Mirror By Sylvia Plath Sylvia Plath was born on October 27, 1932 and died on February 11 th, She was an American novelist, poet and short story writer.
Mirror I am silver and exact. I have no preconceptions. Whatever I see, I swallow immediately. Just as it is, unmisted by love or dislike I am not cruel, only truthful – The eye of a little god, four-cornered. Most of the time I meditate on the opposite wall. It is pink, with speckles. I have looked at it so long I think it is a part of my heart. But it flickers. Faces and darkness separate us over and over. Now I am a lake. A woman bends over me. Searching my reaches for what she really is. Then she turns to those liars, the candles or the moon. I see her back, and reflect it faithfully She rewards me with tears and an agitation of hands. I am important to her. She comes and goes. Each morning it is her face that replaces the darkness. In me she has drowned a young girl, and in me an old woman Rises toward her day after day, like a terrible fish.
Sylvia Plath’s poem “Mirror” reflects many different ideas and thoughts. Her poem is dark, full of unhappiness, and only views the world from a pessimistic perspective. Given Sylvia Plath’s background it is understandable that the poem is full of dark ideas and wild nightmares. Sylvia Plath writes many more poems like “Mirror” Sylvia Plath uses imagery, personification, metaphors, and greatly shows a shift to express all of her emotions she intended to be put into the poem.
This poem is very engaging. Although poetry is beautiful in many ways it can be dark and saddening at times. In this poem there is one speaker although the speaker takes on different forms. In the beginning of the poem the speaker is a women looking into a mirror. "I am silver and exact“ It's almost as the reflection starts out perfect, "I have no preconceptions".
In the poem, it tells us about a lady who dislikes the way she looks. She thinks of herself as being ugly.
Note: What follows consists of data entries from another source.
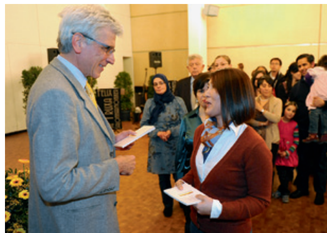
Oberbürgermeister Bertram Hilgen als Gastgeber bei der Einbürgerungsfeier

Wir freuen uns auf Ihre Antworten an mittendrin@katholische-kirche-kassel.de oder im Internet-Forum auf www.katholische-kirche-kassel.de/forum . Selbstverständlich geht es auch per Brief an Redaktion [mittendrin], Pastoralverbund Kassel Mitte, Ihringshäuser Straße 3, 34125 Kassel.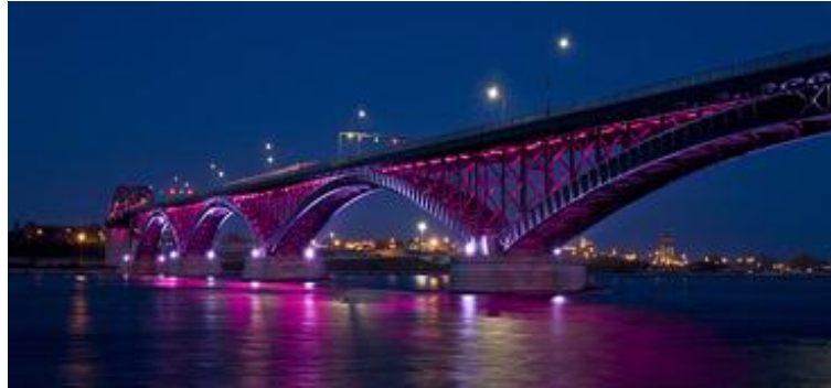
Figura 10 – Ponte entre Buffalo, Estados Unidos da América e Fort Erie, Canadá.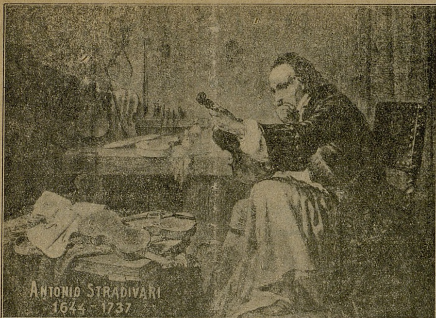
ANTONIO STRADIVARI 1644 - 1737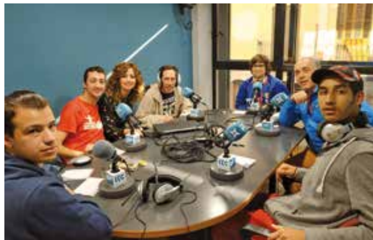
Alguns dels participants del Taller de Ràdio durant una gravació a l'estudi 1.

D'altra banda, l'Ajuntament de Castellar va oferir una recepció institucional als 16 esportistes de TEB Vallès i els seus respectius entrenadors, que van participar als Jocs Special Olympics 2018, a La Seu d'Urgell i Andorra la Vella, del 4 al 7 d'octubre. Aquest any, els 16 integrants han participat en una desena d'esports i han contribuït a guanyar 13 medalles d'or, 15 medalles de plata i 7 de bronze. +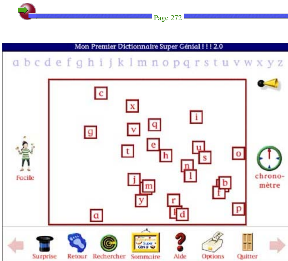
Figure 3 : écran du jeu "Alphabet".

Dans "Alphabet", le système demande à l'apprenant de cliquer sur chacune des lettres de l'alphabet : "Clique sur les 26 lettres de l'alphabet avant que le temps ne s'écoule". Toutes les lettres se déplacent simultanément dans le rectangle rouge et chaque fois que l'apprenant clique sur une lettre, l'ordinateur donne le nom de la lettre.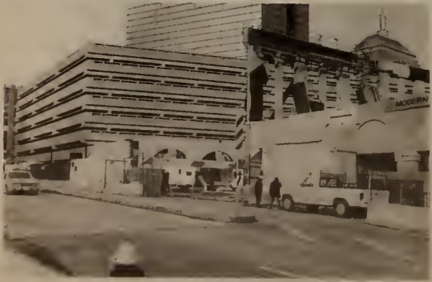
Dartmouth St. view of New Back Bay Station with Hancock Garage and buildings in the background.

White Contracting Company), Landscaping, West Canton/Harcourt Street to Mass. Ave. , is underway. The contractor began work on drainage and retaining walls on the St. Botolph edge during the winter. Major landscaping construction and planting will begin in the Spring.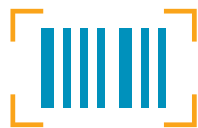
Códigos de barras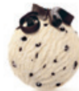
Straccatella - 160

Kombinacija ruma i suvog grožđa za one sa najistančanim ukusom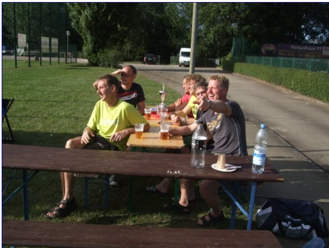
Super Gäste. Die Heiligenstädter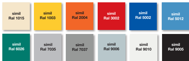
Tinte standard telo.

struttura autoportante e precablaggio con connettori rapidi senza carter coprirotolo e motore

STANZA TWO “Now I am a lake. A woman bends over me. Searching my reaches for what she really is. Then she turns to those liars, the candles or the moon. I see her back, and reflect it faithfully. She rewards me with tears and an agitation of hands. I am important to her. She comes and goes. Each morning it is her face that replaces the darkness. In me she has drowned a young girl, and in me an old woman Rises toward her day after day, like a terrible fish.” In stanza two the mirror becomes a perfectly reflecting lake. A woman bends over the lake, but no matter how deeply she searches she sees only her actuality. Sylvia can not fall in love with what she sees and she doesn’t like herself at all.
Throughout the poem the mirror is shown as an arrogant object. The metaphor of mirror being “the eye of a little god” is sustained throughout the poem signifying the power it has. “I am important to her. She comes and goes.” states the value of the mirror for the woman and indicates that the woman is addicted to the mirror to the point where she’s searching “for what she really is” in the mirror, despite the fact that the mirror is cruel and blunt. This again gives power to the mirror.
The mirror also represents itself as “not cruel, only truthful”, “faithful”, honest and reliable. This eventually becomes too honest and too blunt for the woman and “she turns to those liars, the candles or the moon” for a distorted image of herself in order to not see her ageing in the soft focus.